Tim Walton (born March 11, 1971) is an American football coach for the Ohio State Buckeyes of the NCAA who most recently was a defensive coach for the Jacksonville Jaguars and is the former defensive coordinator for the St. Louis Rams of the National Football League (NFL).  He played college football at Ohio State.
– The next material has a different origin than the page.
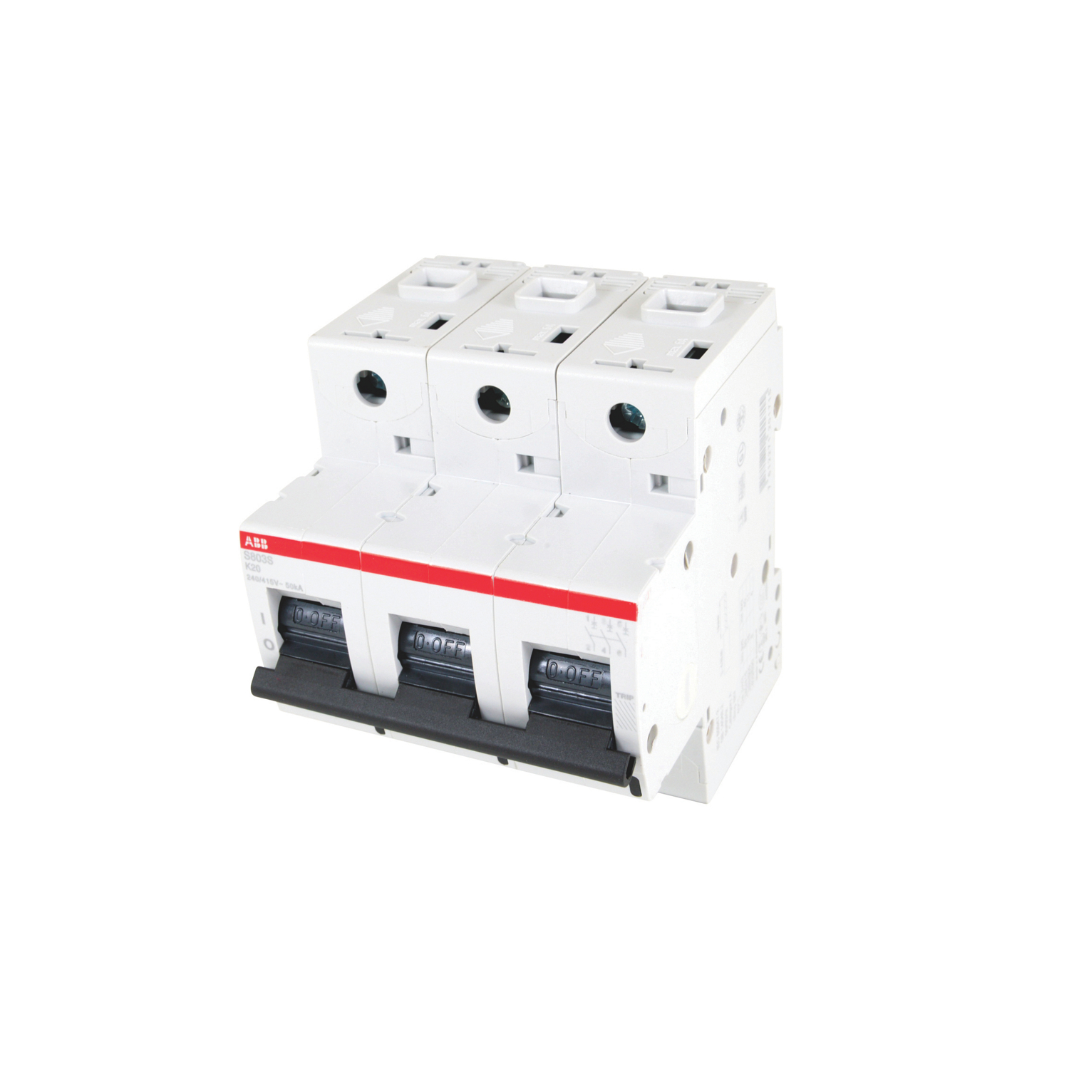 Special Features | The S803S-K20 is a 3-pole High Performance Circuit breaker with K-Characteristic, with cage terminal and a rated current of 20 A. It is a current limiting device with a maximum breaking capacity of 50kA at 240/415V. It can be used for voltages up to 400/690V and in DC as well. It has two different tripping mechanisms, the thermal tripping mechanism for overload protection and the electromechanic tripping mechanism for short circuit protection. The S803S-K20 complies with IEC/EN 60898-1 and IEC/EN 60947-2 and allows the use for residential, commercial and industrial applications. It has numerous of approvals, therefore it can be used worldwide. The extensive range of accessory makes the use of S803S-K20 more comfortable. Due to the fast arc extinction of S803S-K20 your application will be secured. |

Walton was the secondary coach under head coach Nick Saban when the Louisiana State Tigers won the BCS National Champsionhip in 2003.

NFL coaching career

Detroit Lions
Walton served four years as secondary coach for the Detroit Lions under head coach Jim Schwartz.

St. Louis Rams
Walton was hired by the St. Louis Rams as defensive coordinator on February 12, 2013.  On January 29, 2014, the Rams announced they would not be renewing Walton's contract with the team. The Rams quickly hired Gregg Williams, a former Jeff Fisher assistant in Tennessee, to take Walton's place.

New York Giants
On January 15, 2015, the New York Giants announced they hired Walton as their secondary/cornerbacks coach.

Jacksonville Jaguars
On January 16, 2019, the Jacksonville Jaguars hired Walton as their cornerbacks coach. Head Coach Doug Marrone stated that the recommendation from Jim Schwartz was a big reason for Walton's hiring. ″He said if I’m going to be a head coach again, the one guy I would hire as a secondary coach would be Tim,″ Marrone said. ″When I brought him, everything that was told to me was exactly what I thought. Someone who is extremely strong, does a good job with players and gets a lot of out of them.″ In 2021 he was retained by Urban Meyer and remained on the Jaguars staff. He missed the team’s week 5 game against the Tennessee Titans due to Covid-19 symptoms.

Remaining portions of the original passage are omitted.